Probably not. Keep thinking it when you are online, Google will no doubt send you a message. If it says Booo, well you have an answer for sure.


----------



## RobS888 (May 7, 2013)

> Probably not. Keep thinking it when you are online, Google will no doubt send you a message. If it says Booo, well you have an answer for sure.
> 
> - therealSteveN


Could you explain that, I don't follow… is Google Satan to you?


----------



## anthm27 (May 12, 2015)

Just to keep this thing going and stir things up a little around here,

I honestly don,t see how Dominos could win over Dowels on this particular project.

Regards
Anthm


----------



## AlaskaGuy (Jan 29, 2012)

> Just to keep this thing going and stir things up a little around here,
> 
> I honestly don,t see how Dominos could win over Dowels on this particular project.
> 
> ...


Have you ever use a domino? If the answer is no then maybe that's why.

Edit to add:
Win is probably the wrong term. Either dowels or dominos would build that project just fine. I have used both dowels and dominos. My personal experience says I take the domino.


----------



## Newbie17 (Feb 20, 2017)

After reading all these comments, maybe I need to recalibrate my Domino. I haven't been happy with the accuracy of lining up edges, faces, whatever. They are never perfectly flush. The Dowelmax seems to be idiot-proof, which might be what I need. Also, in every test I could find the dowel joints were significantly stronger joints than Dominos. Anyone not like the Dowlmax?
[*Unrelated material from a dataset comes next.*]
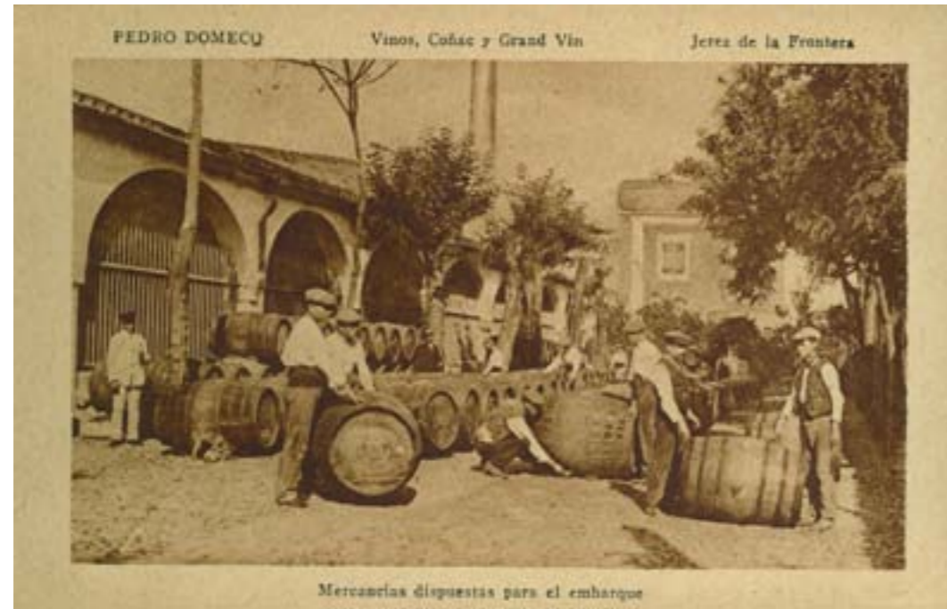
Dj7696. Mercancías dispuestas para el embarque . Editada por Pedro Domecq. Vinos, coñac y grand vin. Jerez de la Frontera. Impresión de Mateu, Madrid. H. 1910.

I"ll buy the Dowelmax and maybe make a video showing the time and accuracy of both devices and let the internet tell me everything I do wrong. Then I will stand and jump on the projects, maybe drive over them with my truck…..., all the normal things we do day-to-day with our furniture.


----------



## Loren (May 30, 2008)

> After reading all these comments, maybe I need to recalibrate my Domino. I haven't been happy with the accuracy of lining up edges, faces, whatever. They are never perfectly flush. The Dowelmax seems to be idiot-proof, which might be what I need. Also, in every test I could find the dowel joints were significantly stronger joints than Dominos. Anyone not like the Dowlmax?
> 
> I"ll buy the Dowelmax and maybe make a video showing the time and accuracy of both devices and let the internet tell me everything I do wrong. Then I will stand and jump on the projects, maybe drive over them with my truck…..., all the normal things we do day-to-day with our furniture.
> 
> - Newbie17


Commercial joinery machines use air clamps to hold the work. The Dowelmax mimics that. The Domino doesn't.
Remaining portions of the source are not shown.